Excerpted records: Begin

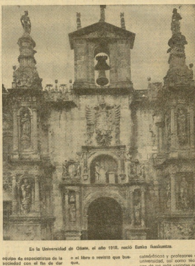
En la Universidad de Oñate, el año 1918, nació Eusko Ikaskuntza.

«Especialmente, respecto sobre todo largo tiempo, pero para poder conseguirlo, se trata de identificar en primer lugar todos los archivos existentes, dando a cada uno un lugar pertenencia. Para ello se va a enviar, tanto a las bibliotecas de la región, como a particulares y personas físicas o jurídicas, una circular con el fin de que remitan información de los libros que se han publicado en el País Vasco desde 1965.
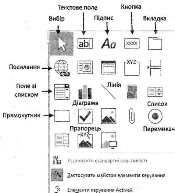
Рис. 1. Елементи керування форм

На рисунку вказано назви деяких елементів керування. Для отримання назв інших елементів достатньо встановити на них курсор. Опис найчастіше вживаних елементів керування наведено в табл. 1.
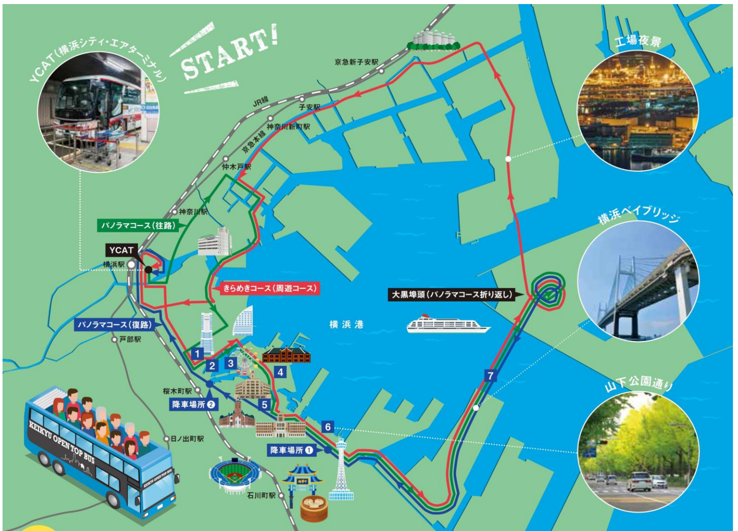
【パノラマコース・きらめきコース ルート図】
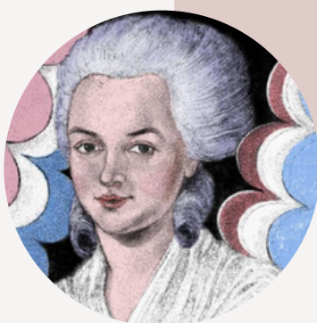
Olympe de Gouges 1748-1793 Dramaturge, femme politique
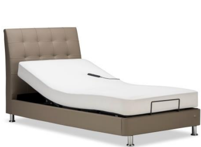
電動ベッド「IQ アッシュフォード」
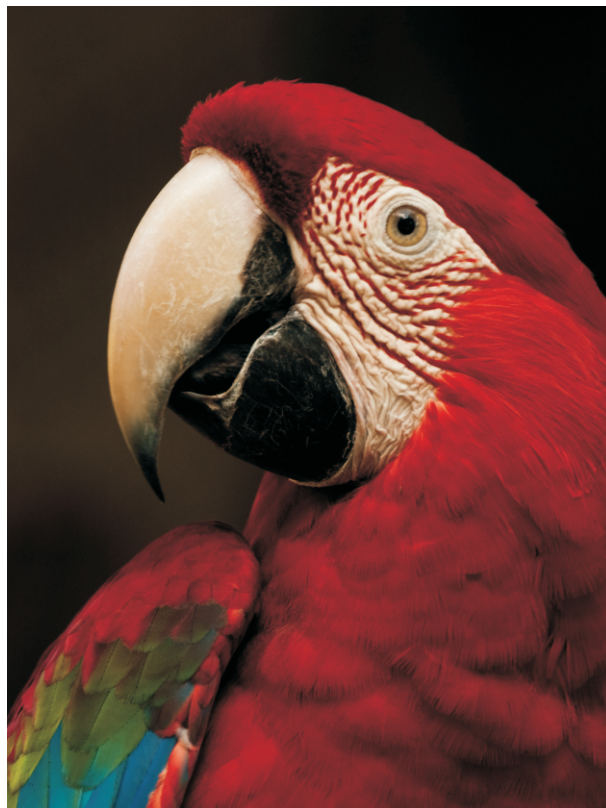
Parque Estadual Serra das Araras
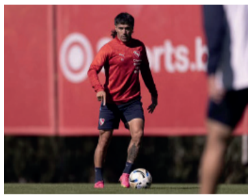
Vuelve. Malcorra, un viejo conocido.

El ganador de esta serie avanzará a los cuartos de final, donde deberá enfrentarse al vencedor del duelo entre Vélez Sarsfield y Gimnasia y Esgrima La Plata en la continuidad de los playoffs del Torneo Apertura.
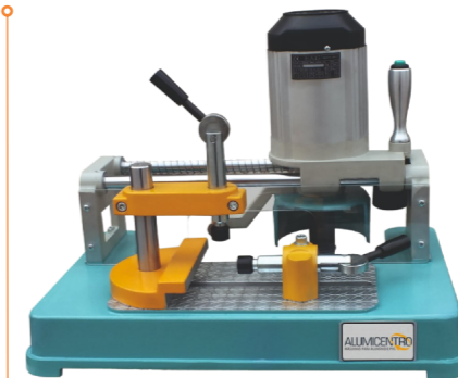
ENTESTADEIRA PORTÁTIL MODELO "FORM"
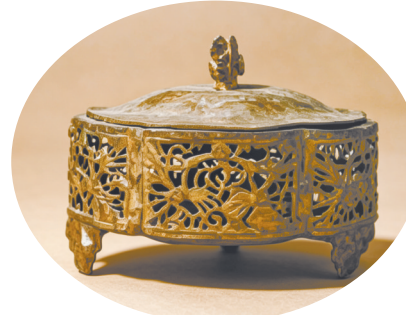
博物馆藏黎家槟榔盒 海南省乐东黎族自治县

地理上，海南扼守南海航道咽喉，正如宋人楼钥所说，往来的海船“势须至此少休息，乘风往集番禺东”，海南是商船从南洋驶向中国大陆的必经之地和中转枢纽。南宋乾道年间（1165—1173），广州市舶司专门奏请在琼州设市舶机构，负责从南洋返回船舶的检查，防止商船偷漏税，足见当时经过海南的贸易流量之巨。
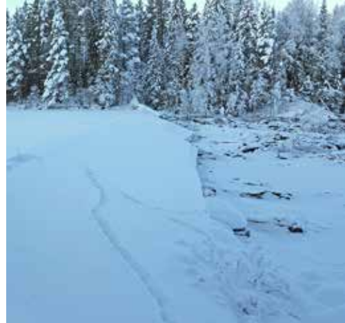
Fjällsjöälven vid Kilforsen.

Vi ser tre saker som viktiga att ändra på i villkoren. För det första ska kraftverksägaren Vattenfall alltid hålla en marginal till dämningssgränsen så att de inte behöver öppna luckorna så snabbt som skedde i vintras. Vetenskapen har visat att mjuka tappningsförändringar är bra, och det är också ett krav i den äldre vattenlagen som nuvarande dom för kraftverket vilar på. För det andra ska det varje år spillas extra mycket vatten under en vecka eller två, för att simulera en vårflod. Översvämningar vid vårflod är oerhört viktigt för att ekosystemet ska må bra, och bland annat har vi en rödlistad växt i Fjällsjöälven, Klådris, som behöver dessa årliga översvämningar. För det tredje ska tappningen öka både vinter- och sommartid. De regler som finns idag
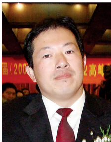
中国家电产业资深评论家

《郑州晚报·第一家电》一个传播中国家电业经济生活最前沿资讯的窗口；一座沟通品牌与消费者之间的桥梁；一个报风严谨、有着强烈社会责任感的的主流报媒；一个有着无限上升空间的开拓者；一个继往开来、全新起航的挑战者；一个敢于突破、不断否定旧我的创新者；一个绽放精彩、渐入佳境的专刊强者。
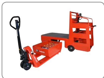
Batterierna är placerade i en utdragsenhet - enkel åtkomst vid batteribyte och underhåll. Perfekt vid flerskiftsdrift.

En kraftig konstruktion säkrar en lång livslängd och ger låga underhållskostnader.
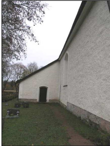
Figur 6. Bergs kyrka norra sidan före åtgärder.
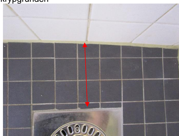
Golvbrunnen ligger för nära vägg
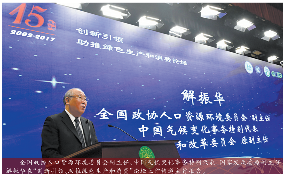
全国政协人口资源环境委员会副主任、中国气候变化事务特别代表、国家发改委原副主任解振华在“创新引领、助推绿色生产和消费”论坛上作特邀主旨报告。

三是发挥环境标志制度优势,创新环境治理新途径。我国现行环境政策多集中在生产领域,且以约束和监管为主要方式。环境标志将环境管理要求引入消费领域,可以拓展环境治理的领域和途径,使公众真正参与治理和监督过程。为此,应积极做好环境标志产品及相关企业信息公开和宣传工作,为公众参与监督提供有效支持和保障。同时,应积极将环境标志认证从产品领域扩大至生产和服务领域,在生产领域和一些资源消耗大和污染排放严重的大宗原材料产品方面开发环境标志标准,引导企业的可持续生产,减少资源使用,降低污染和温室气体排放;在服务领域,以电子商务和快递服务等行业为切入点,积极扩大绿色宾馆、绿色学校、绿色家庭、绿色物流、绿色供应链认证,引导全社会形成绿色生产、绿色消费、绿色生活新模式。
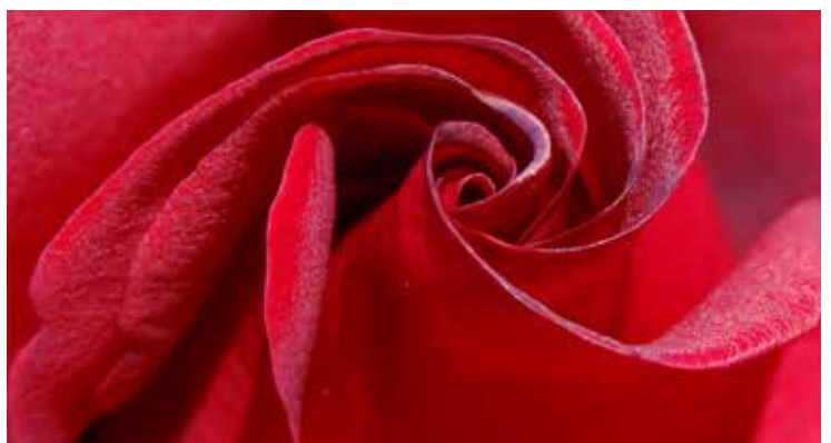
Black Magic - Tantau
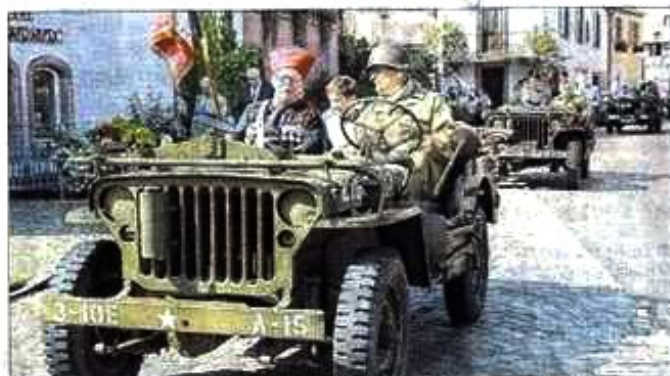
À la fin de la cérémonie, les anciens Zouaves sont repartis dans les Jeep de l'association United States Alsace memory US vers la salle Hirtenhaus.

L'amicale, créée en 1971, continue tous les premiers week-ends de septembre à perpétuer la mémoire des Zouaves dans une ville du Grand Est.
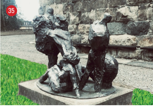
Schlossaufgang Gruppo Grande · Ivo Soldini · Ligornetto
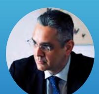
Yannis Mastrogeorgiou, Special Secretary of Foresight, Presidency of the Greek Government
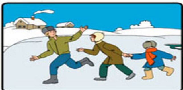
СРОЧНО СЛЕДУЙТЕ В БЛИЖАЙШЕЕ СЕЛЕНИЕ

Excerpted records: End

Task prompt: Taking the entries above, write out exactly the lines starting with the line containing "Vuelve. Malcorra, un viejo conocido." and going on through the line containing "El ganador de", both included, and nothing else.

Solution for this exercise:
Vuelve. Malcorra, un viejo conocido.

El ganador de esta serie avanzará a los cuartos de final, donde deberá enfrentarse al vencedor del duelo entre Vélez Sarsfield y Gimnasia y Esgrima La Plata en la continuidad de los playoffs del Torneo Apertura.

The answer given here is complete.